O direito do autor sobre sua obra é, como demonstra Michel Schneider[1], um problema da modernidade, do nascimento do indivíduo, quando a propriedade privada se expande também para o campo das ideias e da obra. Se um certo individualismo está ausente antes da experiência moderna, é também porque pouco interesse havia na cópia como falsificação de autoria. O autor não era tão importante quanto a obra. Nós, modernos, mesmo que às vezes combatamos a ideia de gênio e digamos que o conhecimento é coletivo, somos muito ciosos do que entendemos ser criação própria. Um exemplo interessante desta questão pode ser encontrado na correspondência entre Walter Benjamin e Theodor W. Adorno[2], dois dos mais importantes intelectuais do século vinte. Onze anos mais velho do que aquele que viria a ser seu amigo, Benjamin escreve em 17 de julho de 1931 reclamando, muito educadamente, da omissão por parte de Adorno da devida alusão ao livro Origem do drama trágico alemão em seu texto A tarefa da Filosofia, referente à conferência inaugural como Professor da Universidade de Frankfurt. Benjamin aceita a promessa de Adorno para que o mencione em um agradecimento quando da publicação da obra, e a contenda termina de forma amigável.

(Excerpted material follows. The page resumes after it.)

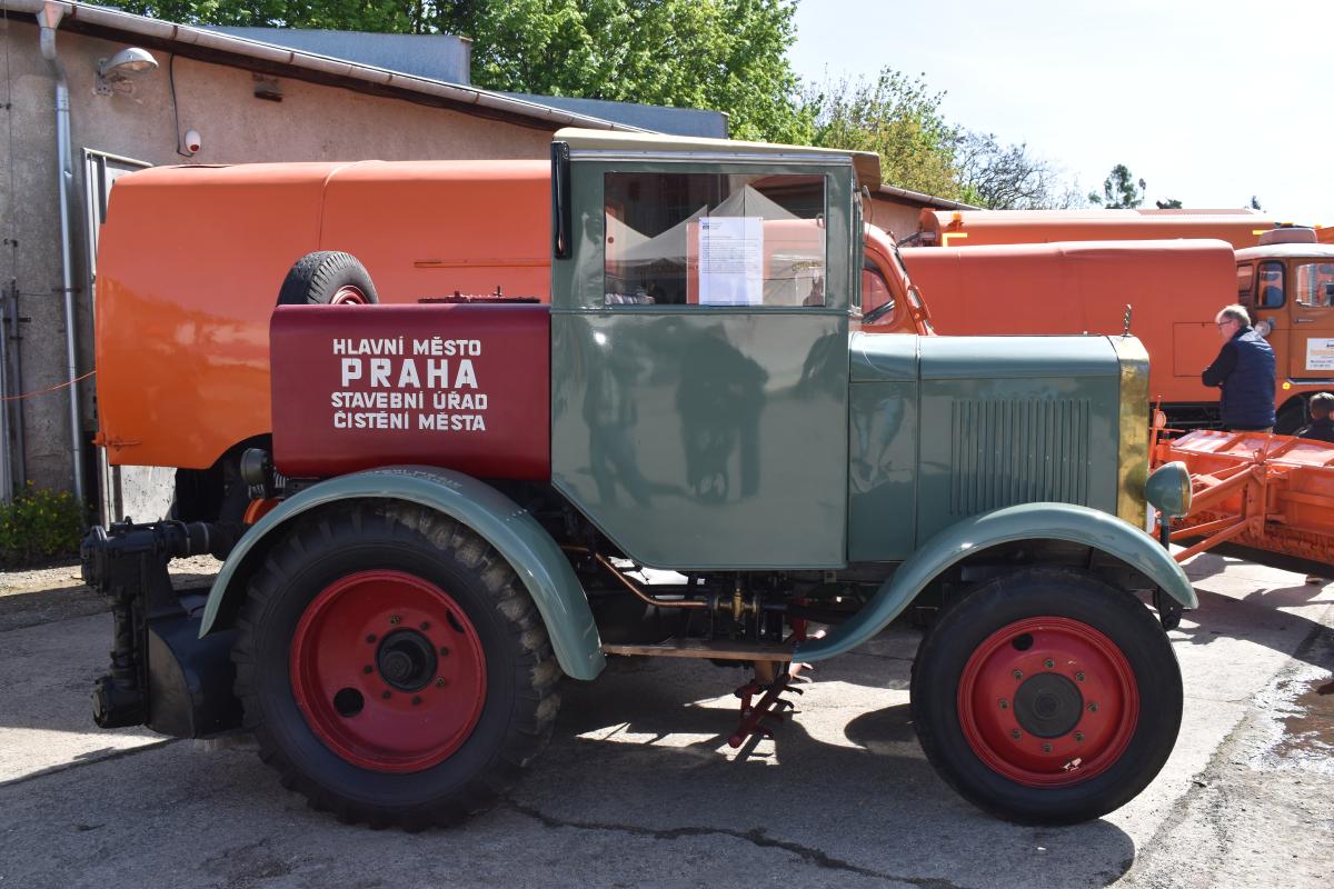 Stejná značka, stejný účel využití, ovšem rozdíl několika let ve výrobě. Dva zametací vozy zn. Praga byly vystavené spolu s dalšími exponáty.

O autoplágio diz respeito a uma outra ordem de coisas. Repetir resultados, principalmente, caracteriza plagiar a si mesmo. Em tempos de diferentes plataformas e produção em rede, retomar questões e expô-las novamente, em outro contexto, é prática que margeia o autoplágio. Considera-se que há um limite para a coincidência entre os trabalhos, algo similar à detecção do plágio. Mas como depurar exatamente o que é igual, se a organização das palavras e as distintas formulações podem levar a um outro texto, ainda que também possam ser apenas máscara do antes divulgado? Há periódicos que, por via das dúvidas, não aceitam material já publicado em anais de congresso, mesmo que haja sido em versão preliminar. Retomar uma ideia colocando-a em novo contexto reflexivo, agregando-lhe às vezes a possibilidade de haver sido debatida em um congresso, parece estar se tornando impossível. Porque trará mais pontos para o autor na lista de publicações. Porque interessa pouco ou quase nada a reflexão ou análise exposta, e muito ou apenas a quantidade de trabalhos “originais” publicados. Pesquisar para publicar em lugar de publicar porque se pesquisou.

Montevidéu, Uruguai; Sul da Ilha de Santa Catarina, dezembro de 2014.

[1] Ladrões de palavras: ensaio sobre o plágio, a psicanálise e o pensamento. Tradução de Luiz Fernando P. N. Franco. Campinas: Editora da UNICAMP, 1990, 503 p. Tradução de Luiz Fernando P. N. Franco (Coleção Repertórios). Um comentário sobre o livro, escrito por mim e por Michelle Carreirão Gonçalves, pode ser encontrado na Revista Brasileira de Educação.

[2] ADORNO, THEODOR W.; BENJAMIN, W. Correspondência, 1928-1940/Adorno-Benjamin. São Paulo, UNESP, 2012. Tradução de José Marcos Mariani de Macedo. Fiz um comentário sobre o livro na revista Ideias.